START Given information

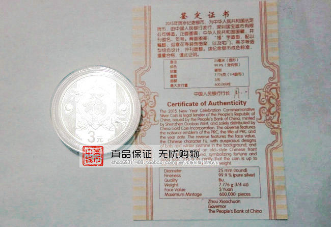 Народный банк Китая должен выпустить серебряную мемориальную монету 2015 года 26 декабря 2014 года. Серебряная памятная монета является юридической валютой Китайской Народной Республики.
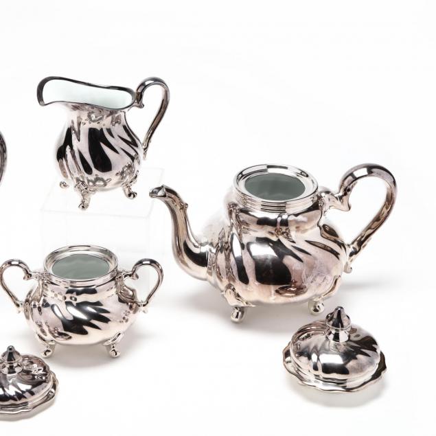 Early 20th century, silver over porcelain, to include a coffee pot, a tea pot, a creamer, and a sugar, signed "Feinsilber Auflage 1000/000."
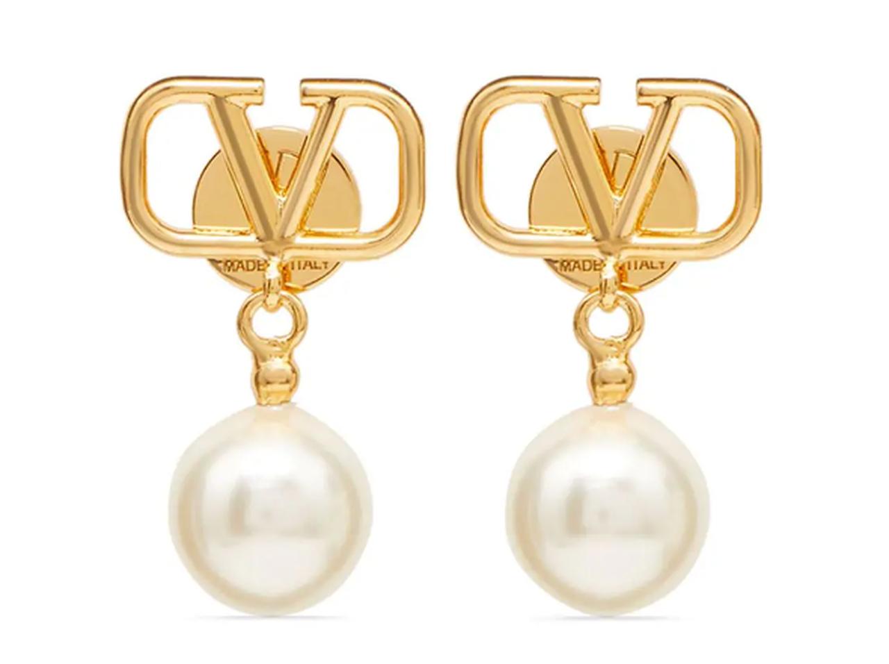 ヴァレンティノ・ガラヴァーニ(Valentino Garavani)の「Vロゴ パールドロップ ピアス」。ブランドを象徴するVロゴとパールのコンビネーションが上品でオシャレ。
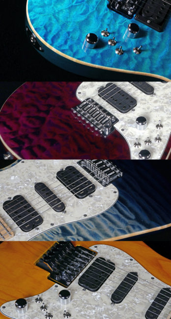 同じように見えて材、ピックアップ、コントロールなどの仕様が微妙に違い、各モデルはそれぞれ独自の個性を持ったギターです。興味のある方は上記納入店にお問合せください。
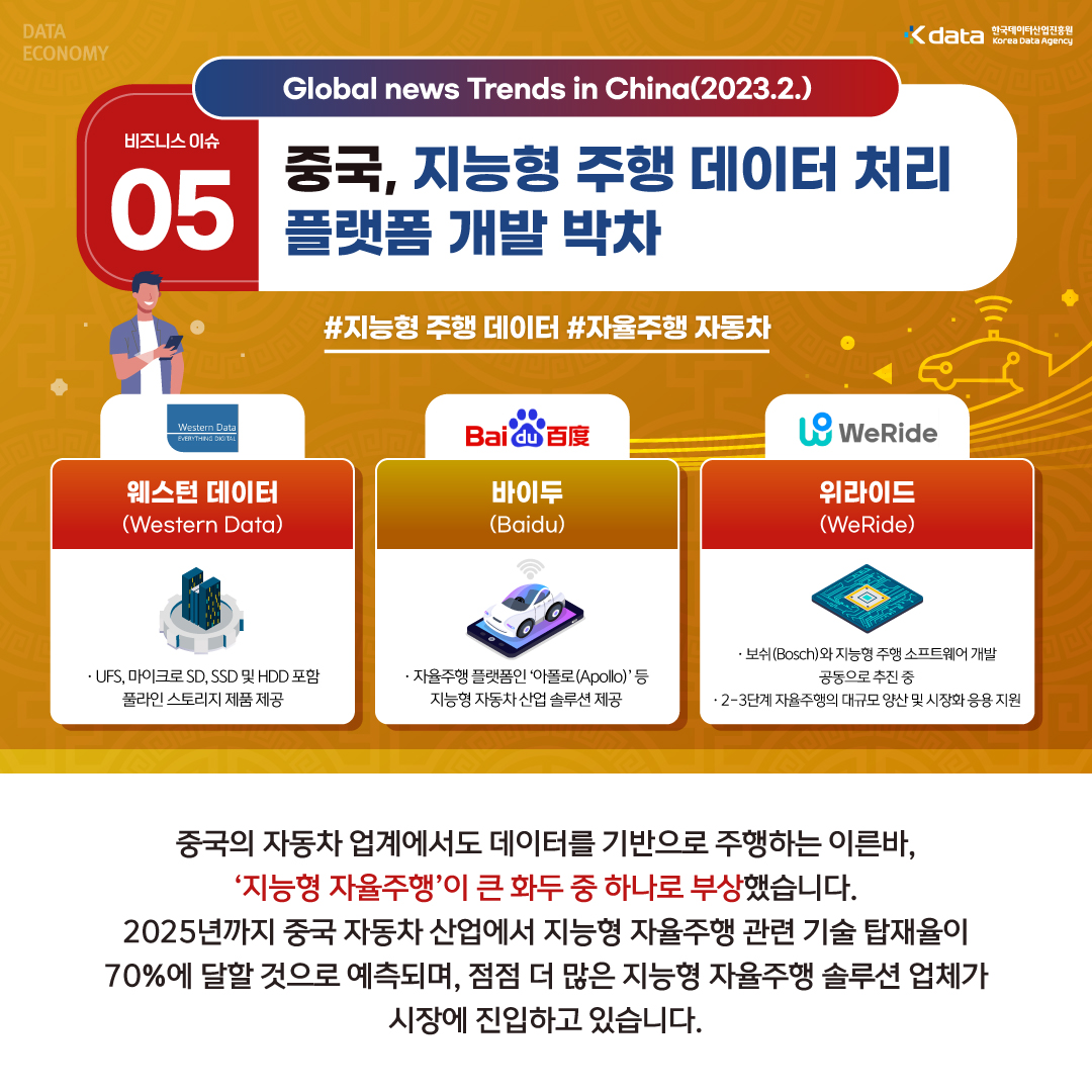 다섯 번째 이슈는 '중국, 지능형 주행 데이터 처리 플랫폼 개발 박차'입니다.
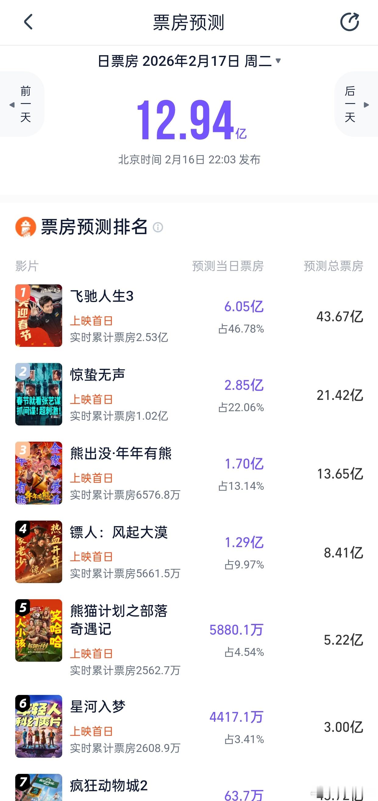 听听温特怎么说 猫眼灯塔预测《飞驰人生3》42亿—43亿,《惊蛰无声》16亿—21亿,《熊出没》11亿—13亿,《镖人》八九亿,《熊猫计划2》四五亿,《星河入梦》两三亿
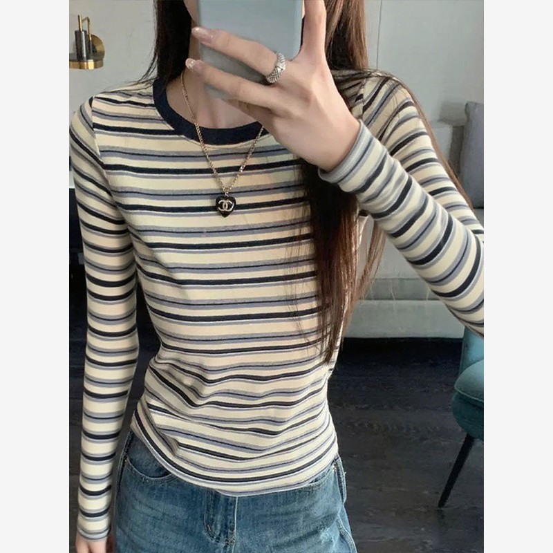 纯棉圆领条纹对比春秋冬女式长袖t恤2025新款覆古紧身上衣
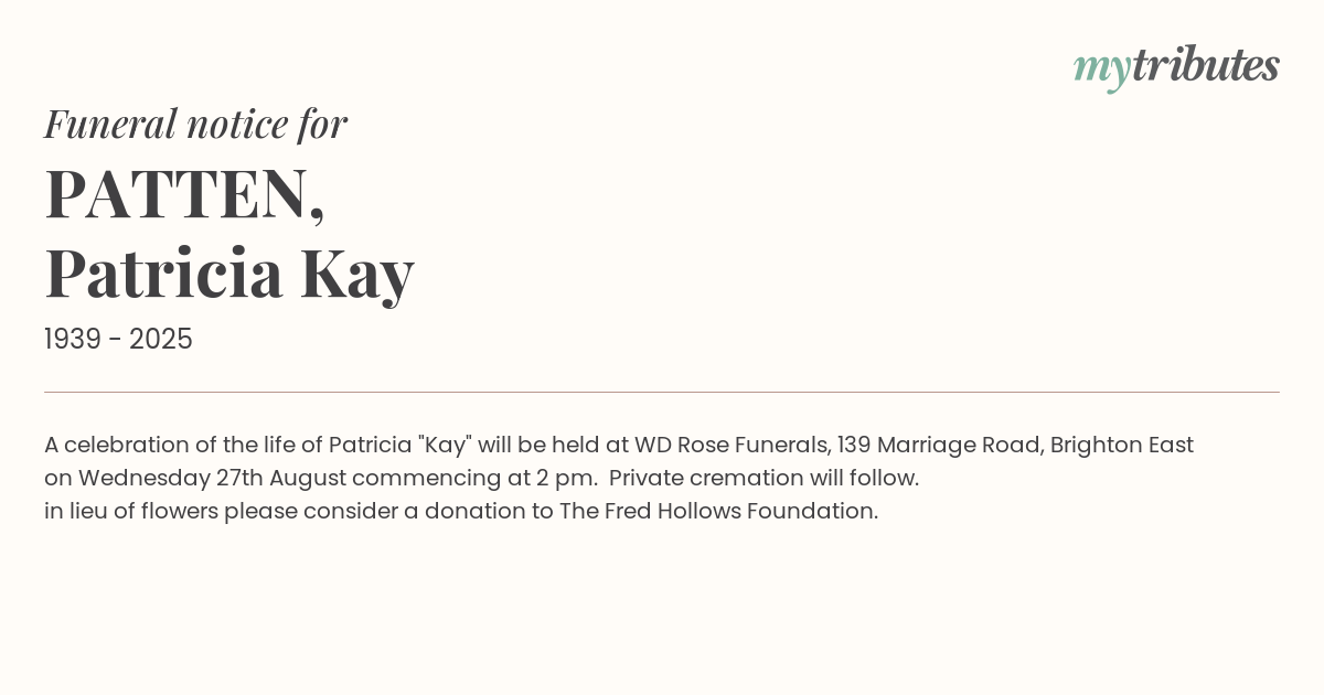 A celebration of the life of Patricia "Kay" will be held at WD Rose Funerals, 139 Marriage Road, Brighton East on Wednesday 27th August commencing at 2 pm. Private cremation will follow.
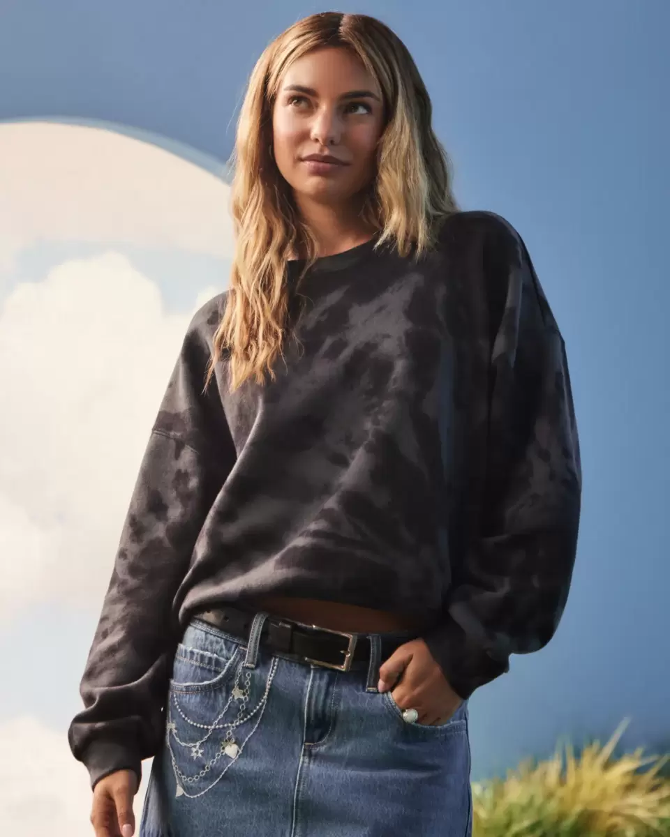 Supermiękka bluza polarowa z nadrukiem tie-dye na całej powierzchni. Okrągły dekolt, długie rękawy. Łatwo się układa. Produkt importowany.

END Given information
START Given information

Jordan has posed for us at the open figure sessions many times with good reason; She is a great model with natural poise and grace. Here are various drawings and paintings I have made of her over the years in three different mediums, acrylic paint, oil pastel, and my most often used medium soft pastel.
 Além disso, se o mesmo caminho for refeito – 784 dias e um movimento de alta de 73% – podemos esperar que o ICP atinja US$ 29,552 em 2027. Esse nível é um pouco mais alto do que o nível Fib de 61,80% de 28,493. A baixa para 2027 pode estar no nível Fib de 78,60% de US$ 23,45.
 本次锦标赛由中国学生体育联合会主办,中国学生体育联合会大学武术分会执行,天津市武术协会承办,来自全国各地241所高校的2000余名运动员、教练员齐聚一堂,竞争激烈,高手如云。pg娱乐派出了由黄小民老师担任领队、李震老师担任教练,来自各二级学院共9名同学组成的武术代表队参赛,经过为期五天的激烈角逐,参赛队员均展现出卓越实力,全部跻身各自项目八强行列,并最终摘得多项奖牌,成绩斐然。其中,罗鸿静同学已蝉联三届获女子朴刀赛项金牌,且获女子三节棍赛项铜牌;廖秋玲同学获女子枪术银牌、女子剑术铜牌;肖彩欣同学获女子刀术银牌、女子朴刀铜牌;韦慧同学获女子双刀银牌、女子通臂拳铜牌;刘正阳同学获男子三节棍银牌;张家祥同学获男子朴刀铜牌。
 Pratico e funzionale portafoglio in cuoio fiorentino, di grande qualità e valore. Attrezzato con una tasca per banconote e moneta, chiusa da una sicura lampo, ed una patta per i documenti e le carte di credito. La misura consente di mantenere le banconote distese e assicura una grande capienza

END Given information

Task details:
Given the entries above, transcribe exactly the lines from the one holding "Народный банк Китая" through the one holding "Supermiękka bluza polarowa"; pictures do not belong in the transcription.

Result of the task:
 Народный банк Китая должен выпустить серебряную мемориальную монету 2015 года 26 декабря 2014 года. Серебряная памятная монета является юридической валютой Китайской Народной Республики.
 Early 20th century, silver over porcelain, to include a coffee pot, a tea pot, a creamer, and a sugar, signed "Feinsilber Auflage 1000/000."
 ヴァレンティノ・ガラヴァーニ(Valentino Garavani)の「Vロゴ パールドロップ ピアス」。ブランドを象徴するVロゴとパールのコンビネーションが上品でオシャレ。
 同じように見えて材、ピックアップ、コントロールなどの仕様が微妙に違い、各モデルはそれぞれ独自の個性を持ったギターです。興味のある方は上記納入店にお問合せください。
 다섯 번째 이슈는 '중국, 지능형 주행 데이터 처리 플랫폼 개발 박차'입니다.
 听听温特怎么说 猫眼灯塔预测《飞驰人生3》42亿—43亿,《惊蛰无声》16亿—21亿,《熊出没》11亿—13亿,《镖人》八九亿,《熊猫计划2》四五亿,《星河入梦》两三亿
 纯棉圆领条纹对比春秋冬女式长袖t恤2025新款覆古紧身上衣
 A celebration of the life of Patricia "Kay" will be held at WD Rose Funerals, 139 Marriage Road, Brighton East on Wednesday 27th August commencing at 2 pm. Private cremation will follow.
 Supermiękka bluza polarowa z nadrukiem tie-dye na całej powierzchni. Okrągły dekolt, długie rękawy. Łatwo się układa. Produkt importowany.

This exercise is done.